She’ll be joined by Obama alums Tina Tchen, who heads Time’s Up; Cecilia Muñoz, who spent much of the past year leading the domestic policy aspects of President Biden’s transition; Pete Rouse, a longtime Obama aide who advised Biden’s campaign; and Joe Paulsen, a former aide to President Barack Obama and his frequent golf partner.
“The gang’s all back together again,” Jarrett said in an interview. She added that she hoped the changes to Civic Nation will “expand the reach of what we can do.”
That expansion includes providing outside support to the new administration, which is stocked with its own cadre of Obama alums.
“When I was in the Obama administration, I relied heavily on the advice, counsel and engagement of outside advocacy groups, and hope to be able to provide that same level of cooperation to the Biden administration,” Jarrett said.
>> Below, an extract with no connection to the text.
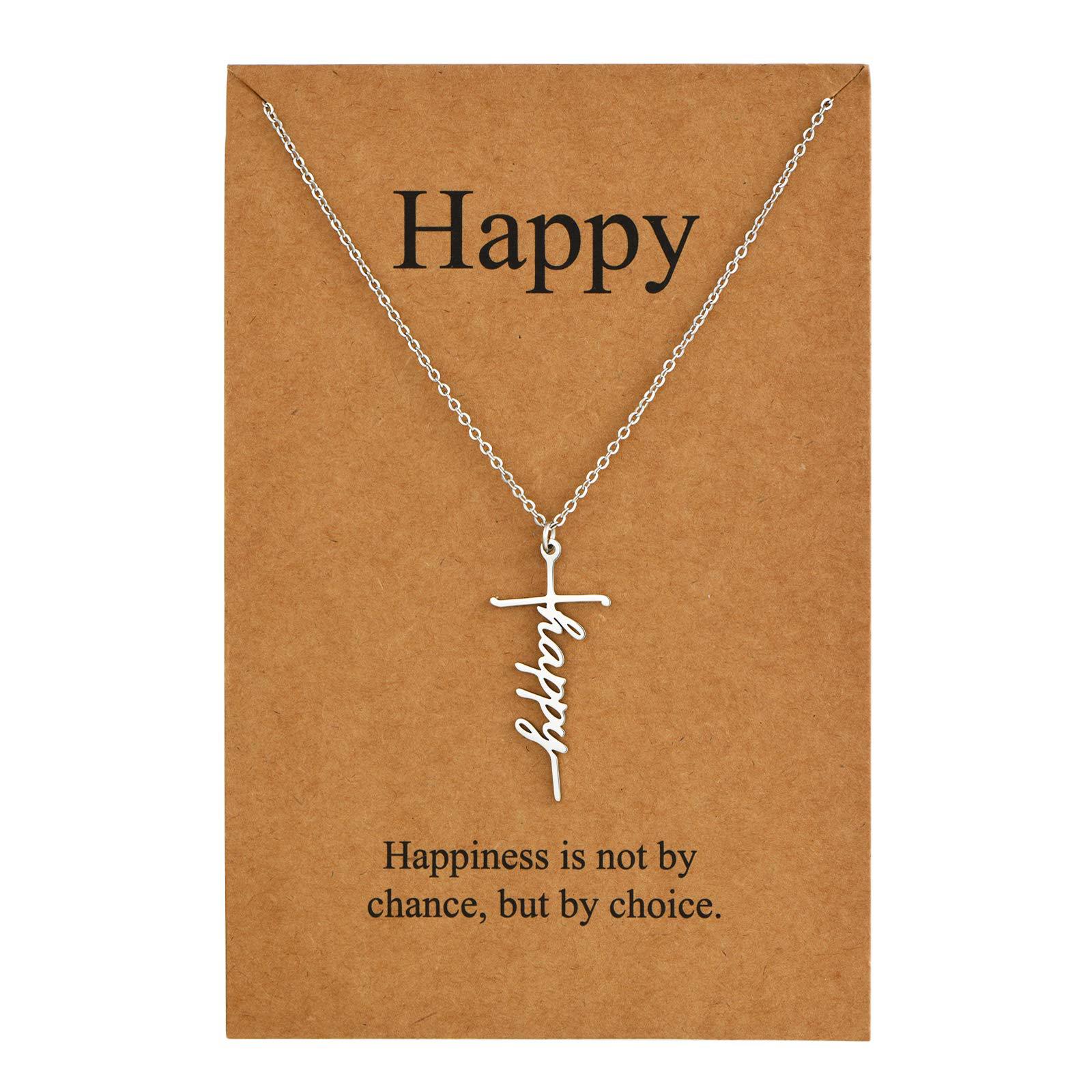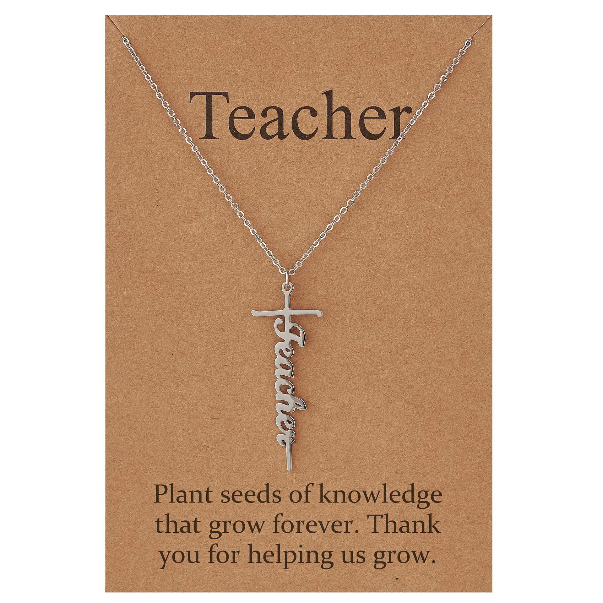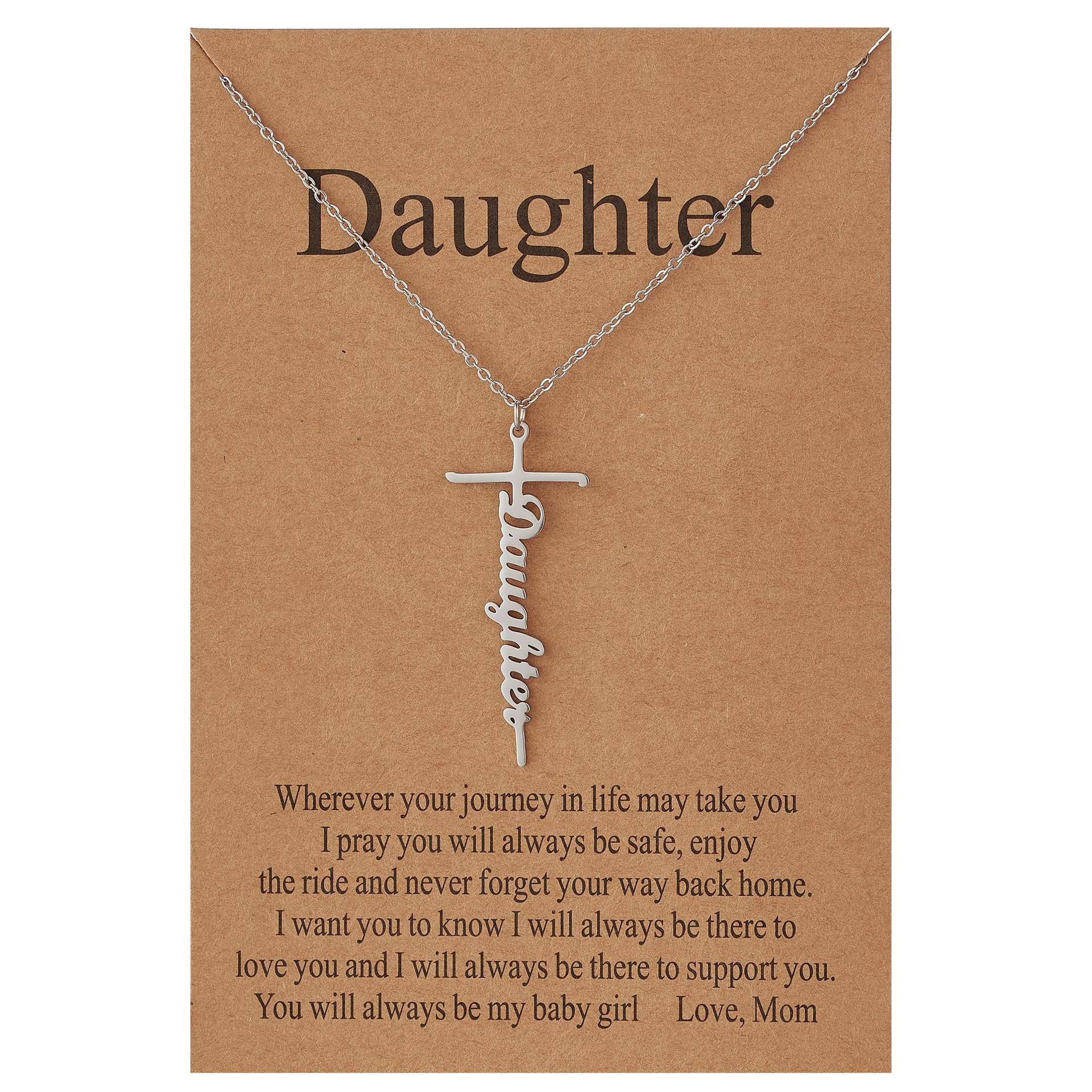 Women's Cross Necklace Steel Color teacher Gift Holiday Necklace Stainless Steel Name Carved Cross Necklace

Kyle Lierman, another Obama alumnus, will continue to lead day-to-day operations at Civic Nation as the chief executive.
“We’re really looking at this as ushering in a new era for the organization,” Lierman said in an interview. Lierman had also been running When We All Vote, a voter registration group founded by former first lady Michelle Obama that will be part of the new group.
Other programs housed under Civic Nation include ALL IN Campus Democracy Challenge, the United State of Women, It’s on Us and the Creative Alliance.
The group End Rape on Campus will also join Civic Nation’s roster.
Civic Nation was founded in 2015, according to papers filed with the Internal Revenue Service. The group raised near $8 million in 2018, according to the most recently available tax records.
The changes do not affect the political entities that were spun out of the Obama White House, including what’s left of Organizing for Action, which is part of a separate, partisan universe led by former Obama attorney general Eric H. Holder Jr.